In fact, it’s probably not an exaggeration to say that men simply can’t be men, or rijal, in Islam, without modesty. Rajuliyyah – ‘manliness’ or ‘masculinity’ in Islam is predicated on it (one just needs to look at the life of the Prophet , and also the best ever of non-prophet men, sayyiduna Abu Bakr). In that sense, the only pill Muslim men need to take is the green pill of Islam. Any other pill, red or otherwise, is likely to be a sign of mental confusion, bigging-up the ego, or some other dark and unhealthy pathology. It will also be a perversion of the prophetic norms of how men ought to be rijal. Masculinity in Islam comes from a place of taqwa, dignity and modesty; not ego, anger or insecurity. Likewise, women cannot be said to have the type of femininity Islam celebrates without rooting in themselves the beauty of haya’. 
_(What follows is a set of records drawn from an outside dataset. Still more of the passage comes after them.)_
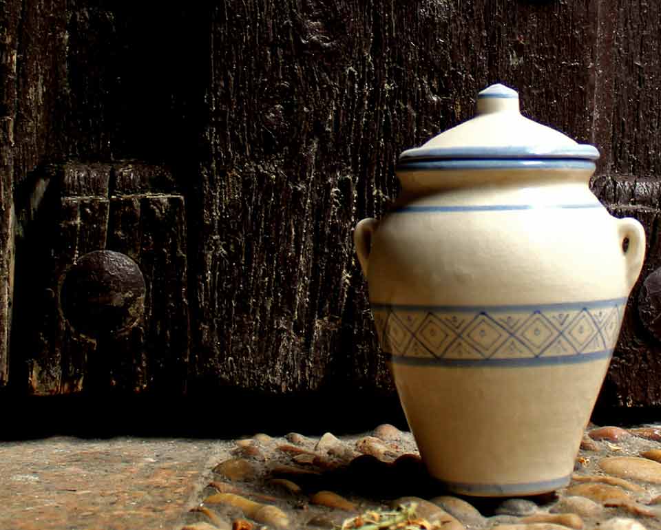 Orza de cerámica tradicional. Utilizada para realizar conservas en aceite.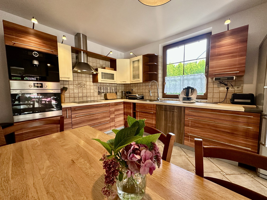 Przestronny i starannie zaprojektowany ogród z licznymi nasadzeniami ozdobnymi oraz drzewami owocowymi zapewnia prywatność oraz idealne warunki do relaksu.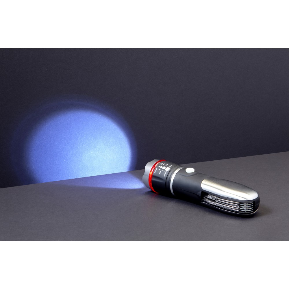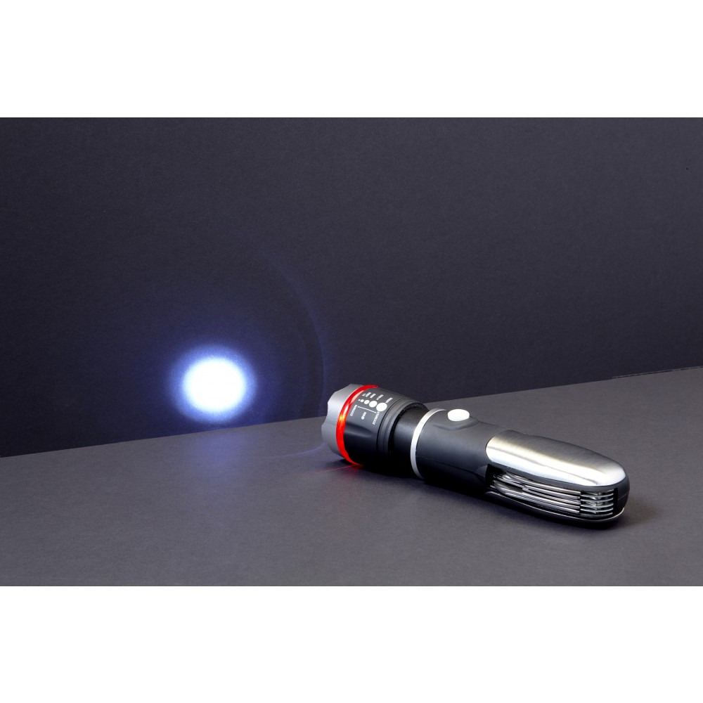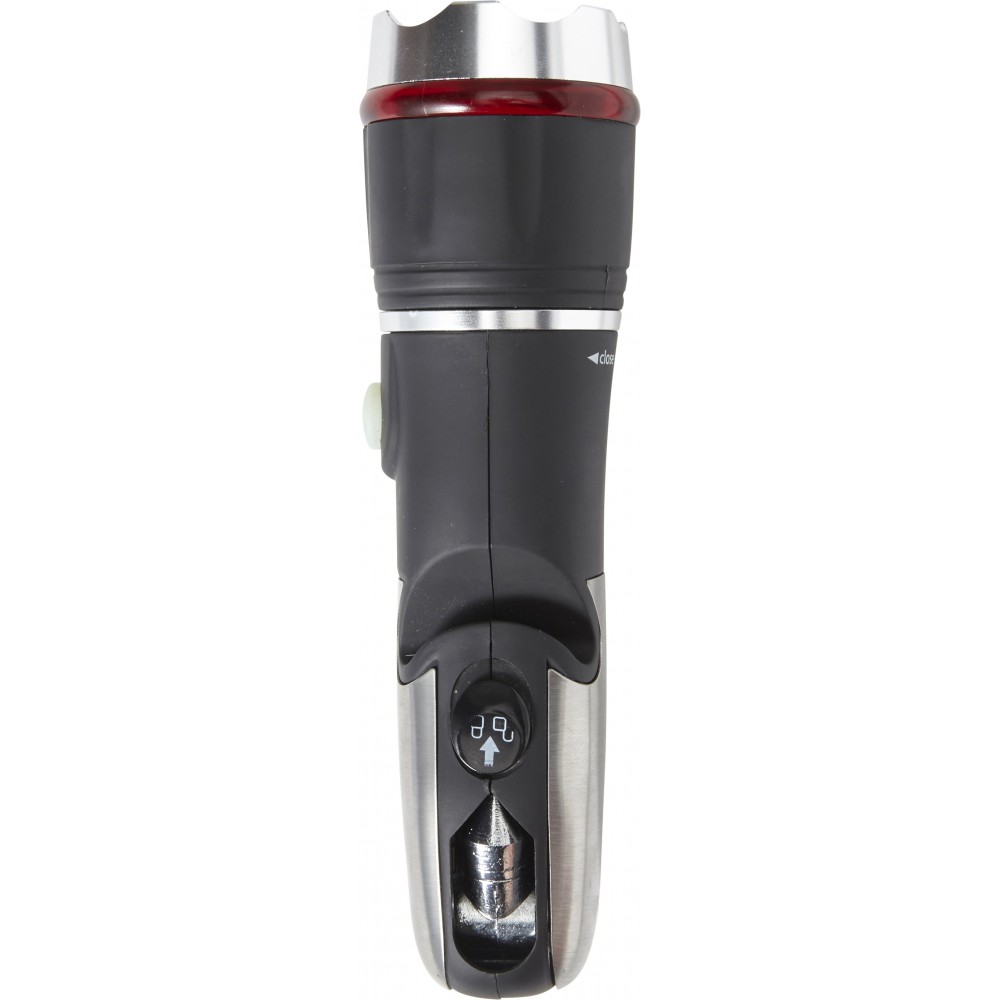Lámpa biztonságiöv-vágóval, vészkalapáccsal. Az alsó részben kivehető zsebkés teszi igazán multifunkcióssá ezt az eszközt. Az elemet tartalmazza. Fém.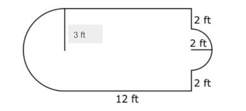 A rectangle has a width of 5.5 feet and a length of 7.5 feet.

Islam very much sees itself as the religion about haya’ – modesty, shyness and a sense of reserve. The Prophet said: “Every religion has a distinctive quality, and the distinctive quality of Islam is haya’.1

We are reminded in the next hadith that: ‘Modesty is a branch of faith.’2

There are also these words from the Prophet : ‘Never is haya’ present in a matter except that it beautifies it.’3

To be clear, although haya’ translates itself into words like modesty, shyness and of being unassuming in the estimation of one’s abilities; in Islam, it does not translate into being sheepish, timid or socially anxious or insecure. Rather, haya’ is, as scholars say: ‘a quality which induces one to shun whatever is ugly or reprehensible (khuluqun yab‘athu ‘ala ijtinabi’l-qabih).’4

Ibn Rajab al-Hanbali said: ‘What restrains acting in a shameful or deplorable manner is [the quality of] haya’. Therefore, one who has no haya’ will abandon themselves to any indecent or loathsome behaviour.’5

It is why the Prophet said: ‘From the words still in currency from earlier prophets are: If you have no haya’, then do as you wish.’6

Ibn Rajab goes on to write that the sense of modesty and shame are of two kinds. The first is an innate character trait that one is naturally disposed towards. The second is a modesty that is acquired through the fear of God, and through the voice of religious conscience which the teachings of faith nurture. He explains:

‘Realise that haya’ is of two types: Firstly, that which is an innate character trait which is not acquired. This is one of the noblest of qualities that Allah bestows on someone and fashions him upon. For this reason, he  said: “Modesty produces nothing except good”7 for it restrains him from committing foul deeds or displaying depraved morals, and spurs him onto honourable and virtuous character … Secondly, that which is acquired via knowledge of Allah, knowledge of His greatness and nearness to His servants; His awareness and complete familiarity of them; and [His knowledge] of the deceptions of the eyes and what hearts conceal. This is one of the most exalted traits of faith (iman). In fact, it is one of the loftiest degrees of spiritual excellence (ihsan).’8

So in the interaction between the sexes, a sense of modesty, haya’, is key. If innate modest is in short supply, modesty born of faith must prevail. If fear of God will not make people think twice before acting indecently or immodestly, the question for a believer is: What will?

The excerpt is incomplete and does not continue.